Rethinking Cultural Dimensions in Architecture
7th, 8th, 9th February

2025.

Blurred Boundaries 2.0__2025
Blurred Boundries _ISOAI_2021 Dossier

Our campus brings together students from diverse socio-economic and cultural backgrounds, creating a rich environment for dialogue and exchange. This diversity, combined with our commitment to academic rigor, has positioned us to host conferences that are dynamic, relevant, and forward-looking. Over the years, our collaborations with universities across the globe have further strengthened our conference platform, enabling international participation through knowledge-sharing, competitions, research initiatives, workshops, and scholarly discourse.

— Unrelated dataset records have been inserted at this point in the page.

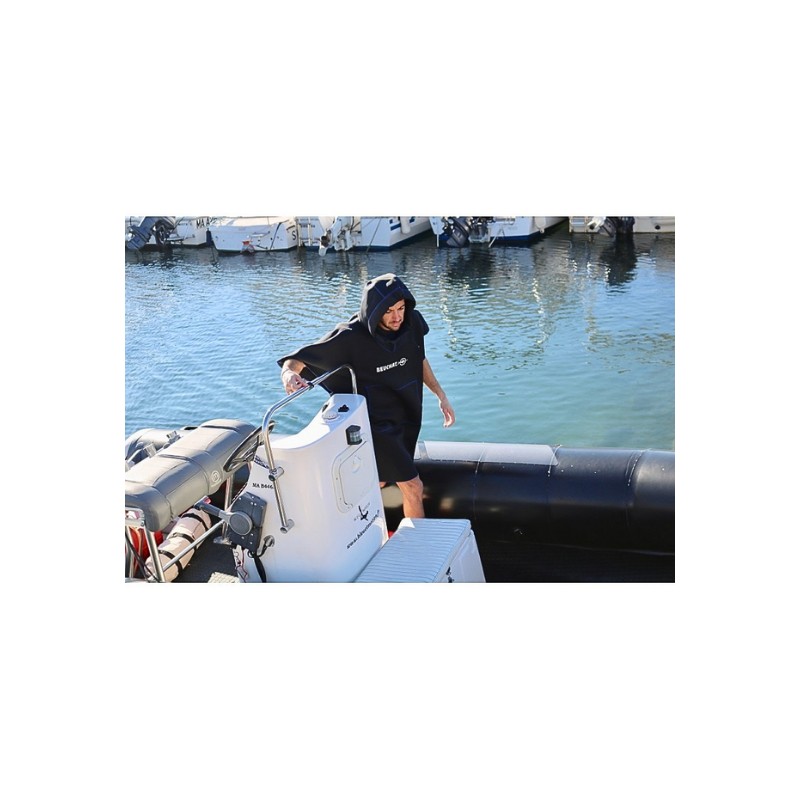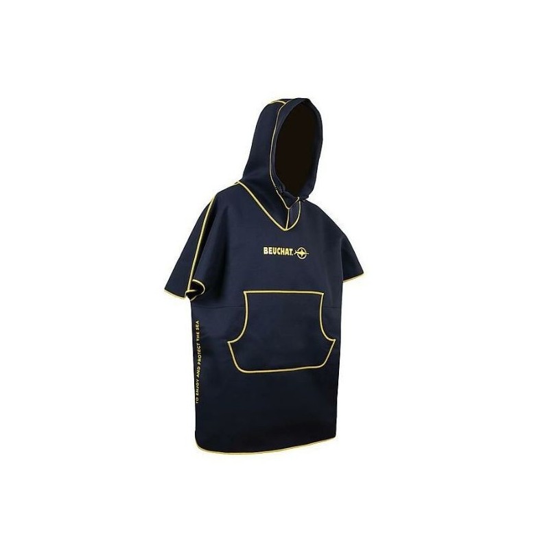 Der Beuchat Poncho mit Kapuze aus 1 mm Neopren, um sich nach dem Tauchen, Apnoen, Schwimmen, Schwimmen in kaltem Wasser... leicht umzuziehen
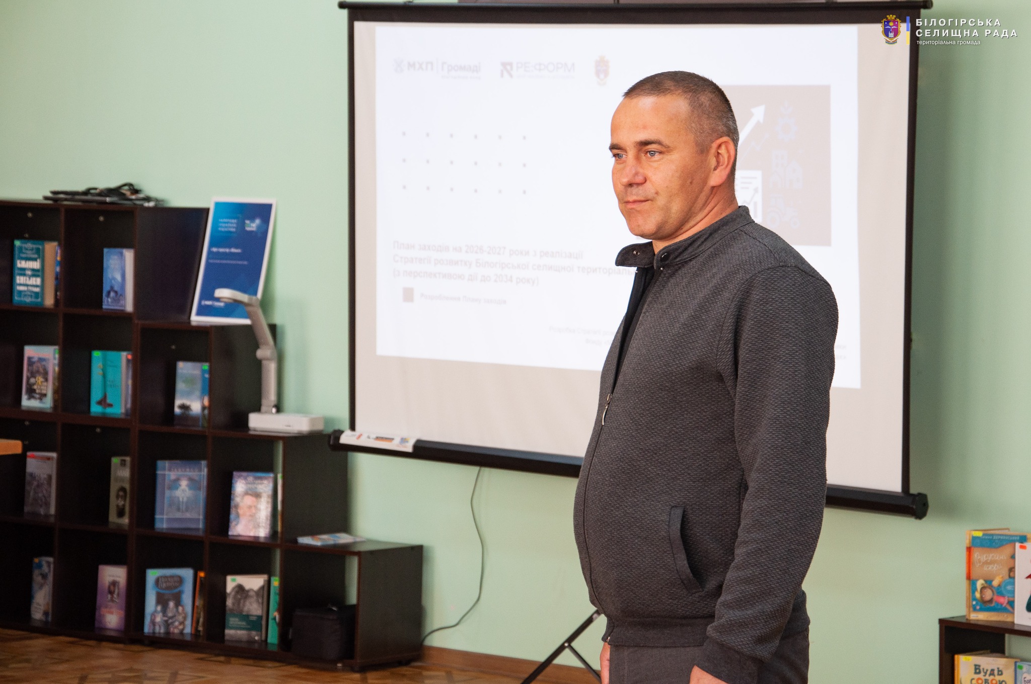 18 вересня 2025 року робоча група зібралася для обговорення та розробки Стратегії розвитку Білогірської селищної територіальної громади. Цей стратегічний документ охоплює період до 2027 року з перспективою продовження до 2034 року. Андрій Залужний, експерт громадської організації «Ре:Форм», представив інноваційні проєктні ідеї для Плану заходів на 2026-2027 роки. Ці пропозиції були ретельно зібрані та систематизовані фахівцями відділу економічного розвитку, інфраструктури та інвестицій Білогірської селищної ради, що свідчить про глибокий підхід до планування.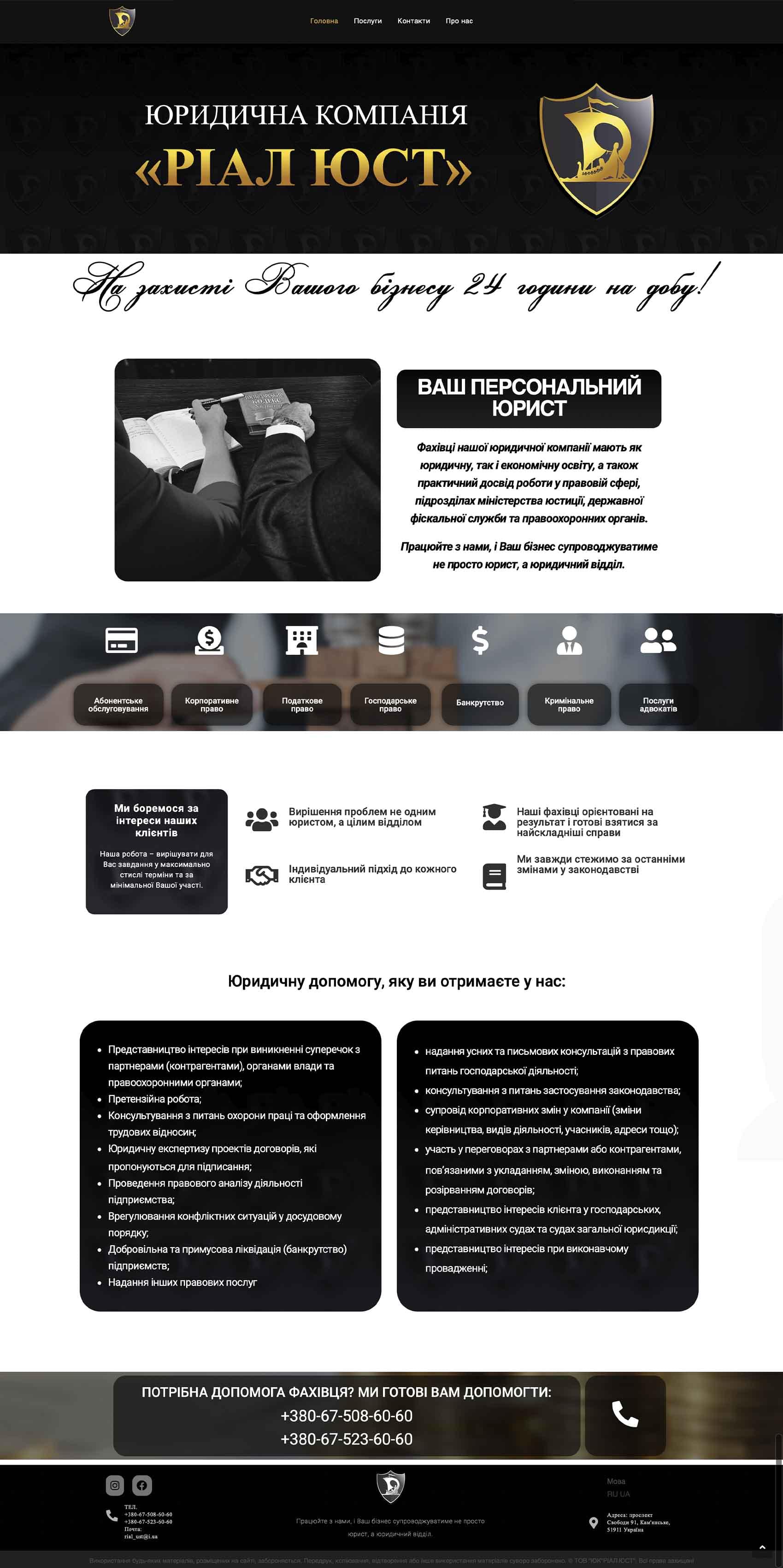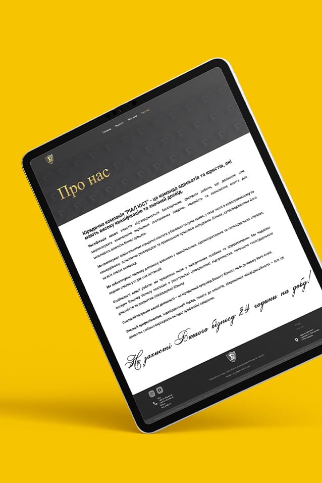 "Rial ust" is an elaborate design layout and website created for a reputable law agency. The website serves as an excellent platform to showcase the agency's extensive capabilities and wide range of services. It contains a detailed description of these services and firm guarantees of the firm, ensuring transparency and reliability of interaction with clients. In addition, atrebuti-calendars, such as calendars, have been designed to increase brand recognition, strengthening Real Ust's position in the legal services market.

Through these conferences, Brick aims to foster critical engagement, interdisciplinary thinking, and a culture of inquiry, empowering both students and faculty to connect with global perspectives and contribute meaningfully to the evolving field of architecture.

List of the conferences

Call for papers

Building on the first conference ‘In search of an Identity’, the second Blurred Boundaries conference delves into how culture, nature, and human values influence architectural design. Amidst climate change, technological shifts, and cultural disruptions, this conference engages interdisciplinary experts to rethink and redefine architecture’s role in addressing cultural dimensions for a sustainable future.
All interested academicians, researchers, practitioners, and students are invited to submit papers in the following themes. The themes have been broadly grouped as follows.

Subthemes

The Place of “knowledge and perception”

This theme focuses on the creation of knowledge.
Wisdom of “being” in the world comes by the perception of knowledge. Over the years various terms from indigenous to modern have been referred to that offer a wisdom of looking at the phenomenal world and envisioning any action of creating a habitat. Do such value based actions convey reverence, continuation of acquired knowledge of existence and create a sacred, religious, cultural, symbolic experiences of landscapes? Does memory mean only of the individual or of family, community, seasons, geography and even those aspects that are intangible? Is sustainable development inherently integrated in this wisdom? Do we need to invent techniques of drawings, documentations to capture the subtle aspects of this wisdom and how should those be represented? How does local – global dichotomy feature in this? How can this acquired or collective wisdom of humanity be envisioned for addressing contemporary global challenges related to climate, culture and people.

Keywords:

  • Indigenous knowledge; perception; values; traditions; continuities
  • symbolism; memory;
  • context; place; environment;
  • collective experience; local histories; local – global relationship;
  • interpreting sustainability;
  • documenting and recording

The Place of appropriate “Intervention”

This theme focuses on the idea of ‘intervention’ done by a designer.
What is the role of policies, planning and designing for conceiving appropriate intervention on cultural landscapes? How would contemporary policies of planning and designing help to address current concerns of global climate crisis and related built environment issues, information explosion and rapid changes in technology? How should intervention be conceived and applied if a designer happens to be from another context in terms of sensibilities or values or skill sets? What should infrastructural development mean for places having rich traditions of culture, sacrednes, religion or such other intangible value? What sensitivities are demanded from a professional who is compelled to respond to diversity of cultures, geographies and histories? How would sustainable development goals be envisioned and applied to intervene appropriately in a cultural landscape? How can academic institutions and professional bodies collaborate to define an appropriate intervention strategy? This theme is intended to express the mentioned concerns.

Keywords:

  • defining appropriate intervention strategy;
  • intervention informed by designers;
  • relationship of intervention strategy to place, community, technology;
  • defining sustainable intervention approaches;
  • handling diversity and inclusion;
  • responding to global challenges, changing aspirations and technology

Eligibility

Academicians, Professionals and Students from backgrounds of Architecture, Urban design, sociology, geography, architecture, landscape architecture Planning, Conservation, Anthropology, etc.
Abstracts will be published in the Conference proceedings book, with an ISBN number.
The selected papers will be presented during the conference under the specified themes.
A few handpicked papers will be further published in highly indexed journals (Scopus, Web of Science, UGC CARE).
E-certificates will be awarded to all authors and delegates.